__What you are asked to do__: Beginning with the line containing "Per la graduatoria" and going on through the line containing "Contoh Surat Jemputan Hari Jadi", the lines below are to be returned exactly, pictures excluded and nothing added.

__Recorded data__:
────
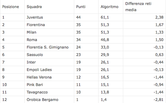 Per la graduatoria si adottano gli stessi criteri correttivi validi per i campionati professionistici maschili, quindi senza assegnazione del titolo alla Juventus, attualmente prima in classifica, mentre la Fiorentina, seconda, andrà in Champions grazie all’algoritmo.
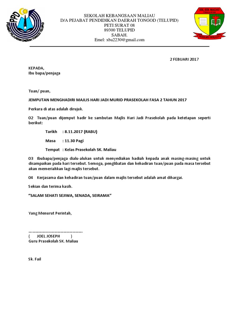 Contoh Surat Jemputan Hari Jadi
────
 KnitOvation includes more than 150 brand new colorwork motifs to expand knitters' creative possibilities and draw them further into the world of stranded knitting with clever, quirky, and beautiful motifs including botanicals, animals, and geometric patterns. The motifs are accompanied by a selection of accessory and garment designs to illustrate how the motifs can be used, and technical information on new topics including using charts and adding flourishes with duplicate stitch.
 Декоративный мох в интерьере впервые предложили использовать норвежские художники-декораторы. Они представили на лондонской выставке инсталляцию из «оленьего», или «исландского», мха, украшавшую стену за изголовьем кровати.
────
__Task solution__:
 Per la graduatoria si adottano gli stessi criteri correttivi validi per i campionati professionistici maschili, quindi senza assegnazione del titolo alla Juventus, attualmente prima in classifica, mentre la Fiorentina, seconda, andrà in Champions grazie all’algoritmo.
 Contoh Surat Jemputan Hari Jadi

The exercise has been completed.